Start of Block

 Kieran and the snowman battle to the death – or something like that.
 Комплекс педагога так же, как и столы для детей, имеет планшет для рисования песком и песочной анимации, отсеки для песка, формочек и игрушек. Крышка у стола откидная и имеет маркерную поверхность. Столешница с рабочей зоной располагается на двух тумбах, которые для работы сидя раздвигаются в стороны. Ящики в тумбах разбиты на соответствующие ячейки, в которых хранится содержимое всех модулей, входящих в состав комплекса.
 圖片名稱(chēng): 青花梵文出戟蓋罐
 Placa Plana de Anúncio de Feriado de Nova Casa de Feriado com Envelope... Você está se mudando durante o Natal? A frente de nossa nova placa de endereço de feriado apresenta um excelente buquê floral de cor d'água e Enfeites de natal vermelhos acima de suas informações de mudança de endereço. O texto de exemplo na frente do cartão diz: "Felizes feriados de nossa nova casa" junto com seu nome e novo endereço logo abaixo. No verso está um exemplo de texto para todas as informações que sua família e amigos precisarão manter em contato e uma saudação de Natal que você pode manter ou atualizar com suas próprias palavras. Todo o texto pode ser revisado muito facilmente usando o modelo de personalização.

End of Block

TO DO: In the data above, repeat exactly each line from the first through the line that contains "圖片名稱(chēng): 青花梵文出戟蓋罐", and give nothing else.

ANSWER BOX:
 Kieran and the snowman battle to the death – or something like that.
 Комплекс педагога так же, как и столы для детей, имеет планшет для рисования песком и песочной анимации, отсеки для песка, формочек и игрушек. Крышка у стола откидная и имеет маркерную поверхность. Столешница с рабочей зоной располагается на двух тумбах, которые для работы сидя раздвигаются в стороны. Ящики в тумбах разбиты на соответствующие ячейки, в которых хранится содержимое всех модулей, входящих в состав комплекса.
 圖片名稱(chēng): 青花梵文出戟蓋罐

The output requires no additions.